Omosebi advised singles to push aside spirituality when it comes to choosing a life partner, stressing that it remains the biggest cause of broken homes across the country.
“Last year alone, the Lagos State Domestic and Sexual Violence Response Team, recorded over 3,000 domestic violence cases and about 100 violence related deaths. When we put all the figures together, we discovered that more marriages are failing. It was discovered that Christian marriages are more affected. Now, we are saying that God is the biggest reason for failed marriages in Nigeria. Nigerians spiritualise relationship and it is the biggest problem. They close their eyes to a bad character and depend on prayers. There is nowhere it is stated in the scripture that God told anybody who to marry. It is the person’s responsibility to look for a good woman. Character is the essence and building block of a lasting marriage not religion.”
Speaking on how he counsels singles about marriage and why he focuses on tertiary institutions, Omosebi said he preaches while counselling the students.
“We chose tertiary institutions because they are organised settings and probably the best place to meet learned or naive youth. It is a setting that has the highest number of youth. We will keep doing this until there is adequate orientation about domestic violence, even if it takes 20 years,” he stated.
The lawyer maintained that there is little anyone can do to prevent domestic violence.
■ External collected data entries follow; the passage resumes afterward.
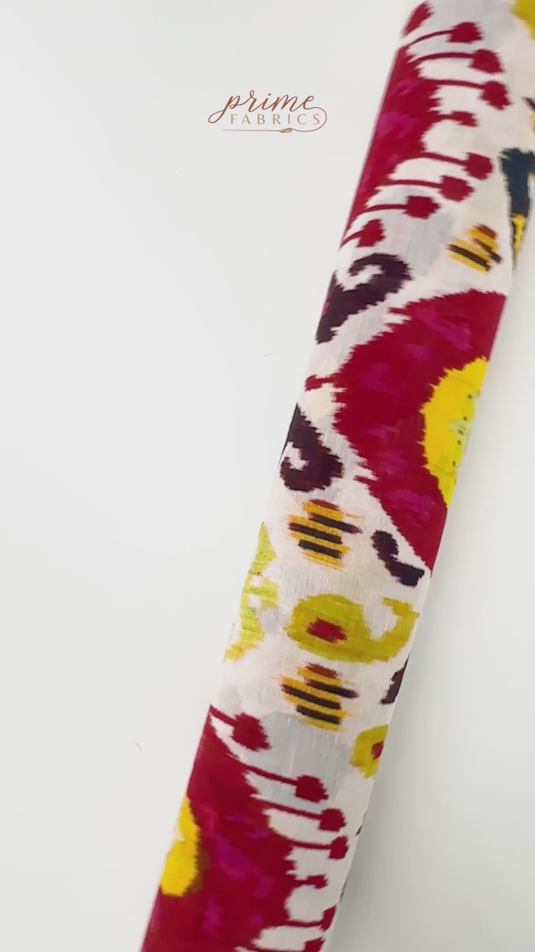 A lightweight viscose-linen blend with a bold ikat-inspired print in ruby, golden yellow, and navy. The hand is dry and textured, while the weave is airy and fluid, with a sheer quality that catches the light. Perfect for breezy dresses, layered blouses, or statement resort wear that thrives on movement and color.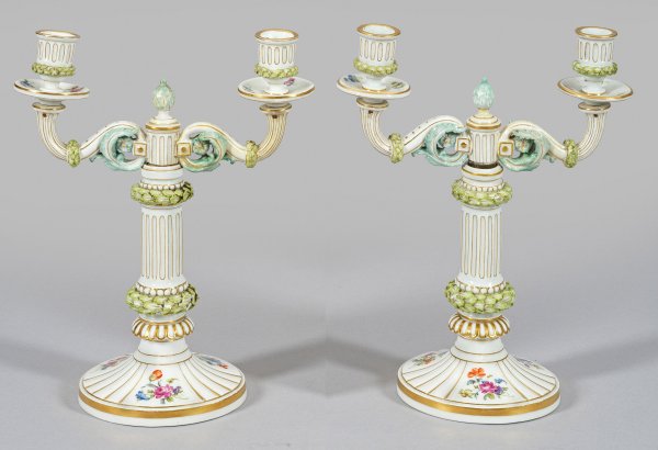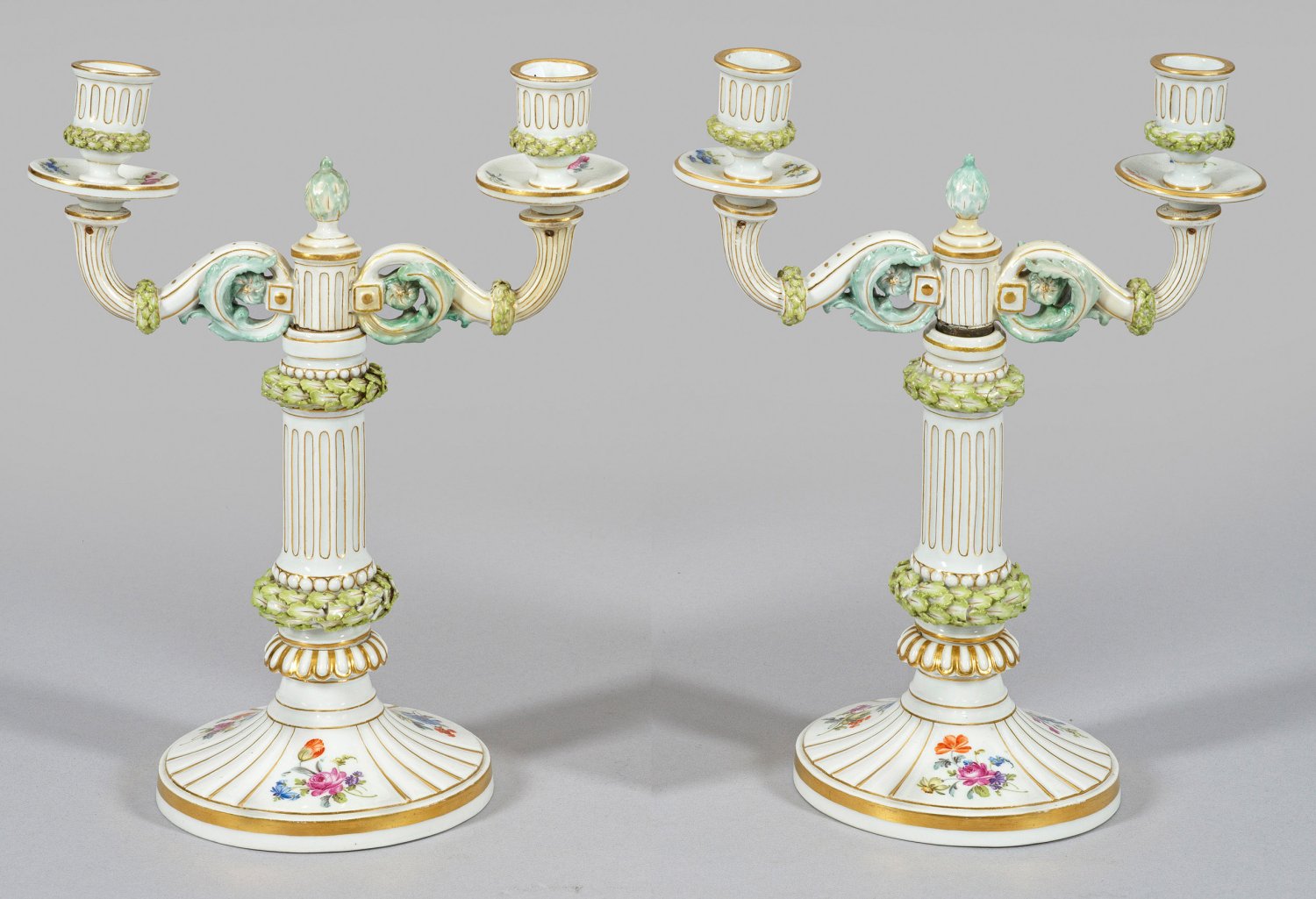 2-flg.; Im Louis-XVI-Stil. Kannelierte Wandung von reliefierten Blattkränzen umzogen. Oberhalb herausnehmbarer zweiflammiger Einsatz, in vasenartigen Tüllen über Traufschalen endend. Polychrome Malerei. Reicher Golddekor. Best.; rest.; Schwertermarke. H. 25,5 cm - 26 cm.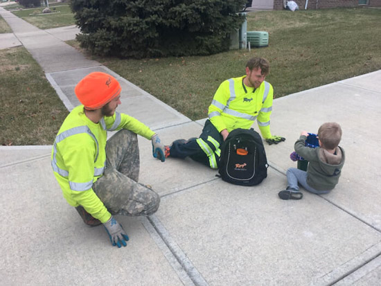 Místní popeláři přinesli chlapci, který je obdivuje, hračku - popelářské auto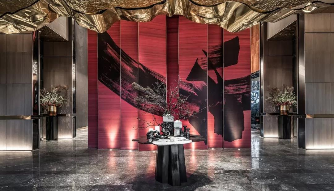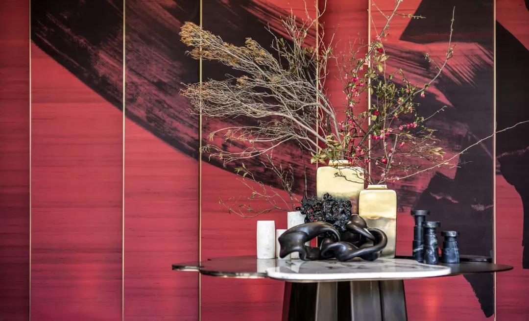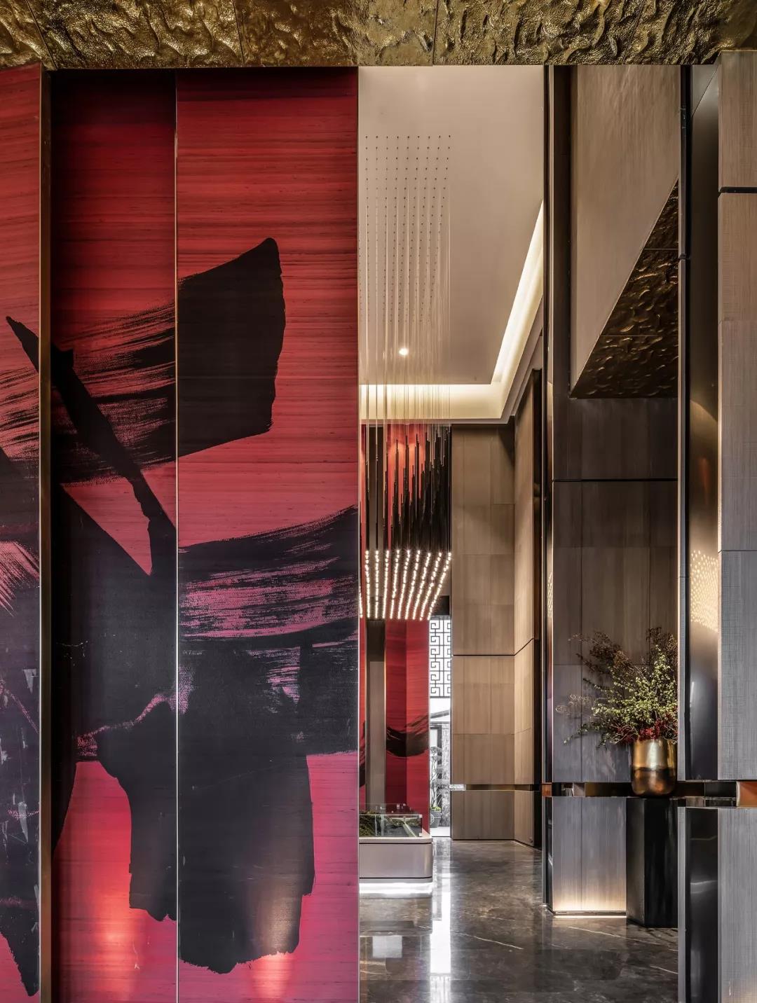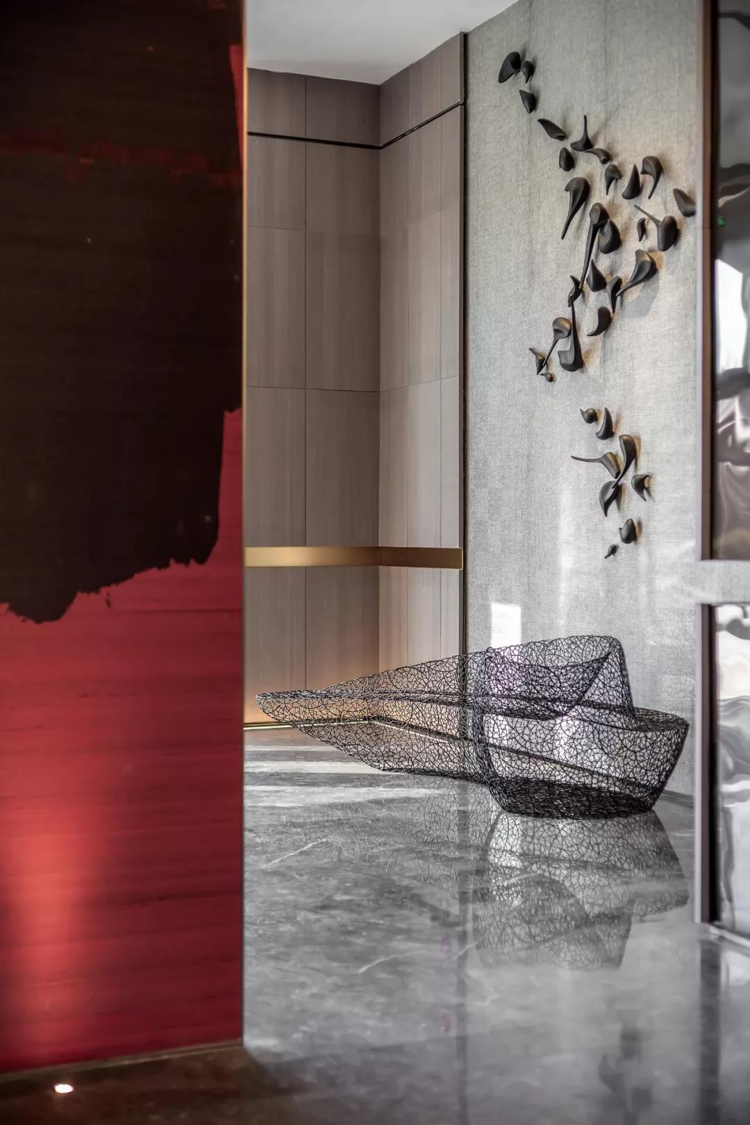 傳統觀感下的朱砂紅、墨黑與金色,和空間中使用的大理石、黃銅與木材堆疊穿斫,在悄無聲息中拉長了時空距離。錯落別開的屏風上濃重的一筆墨跡,凸顯灑脫東方藝術視像。一旁休息座椅的編織鏤空形制透著空氣感,抽象的鳥獸意象在墻面飛散開來,空間語言在生動的敘事性中產生不凡的震撼力。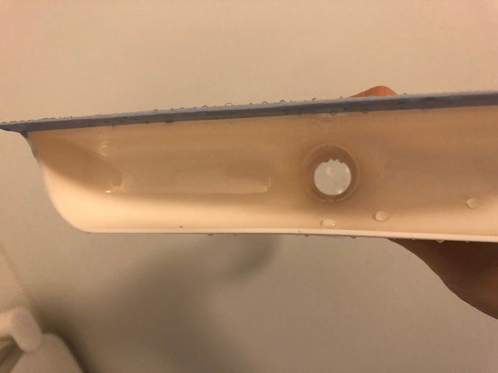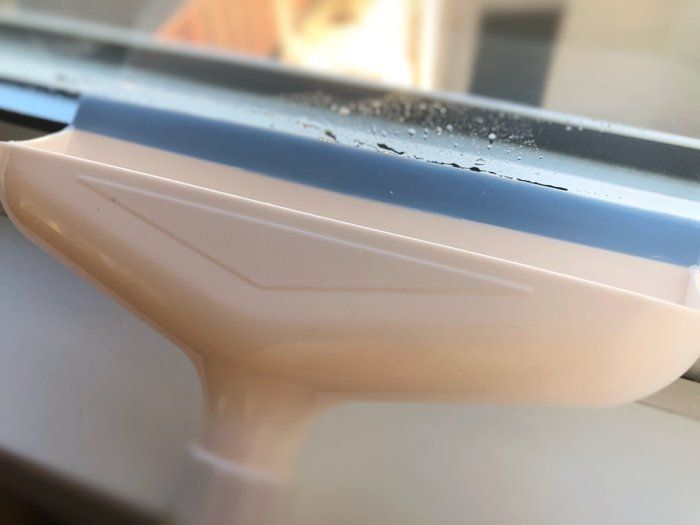 ワイパーを壁面と平行になるように持って、下から上へ水滴を拭き取ります。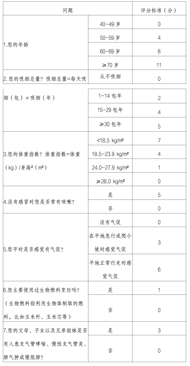 以下各項(xiàng)累計(jì)評(píng)分≥16分者,為COPD高風(fēng)險(xiǎn)人群。

“There is a limit to what the government can do to prevent increase in divorce and domestic violence because they can’t choose a spouse for anyone. We on our part can only orientate. Some men travel abroad and marry a white woman. Even though the government knows the motive behind the marriage, as long as their citizens agree to the union, they would allow the marriage to be consummated. If the government stops the marriage, the woman has been denied her fundamental human right. There is also a limit to what parents can do to determine the person their children want to marry, as long as the person involved is not underage.”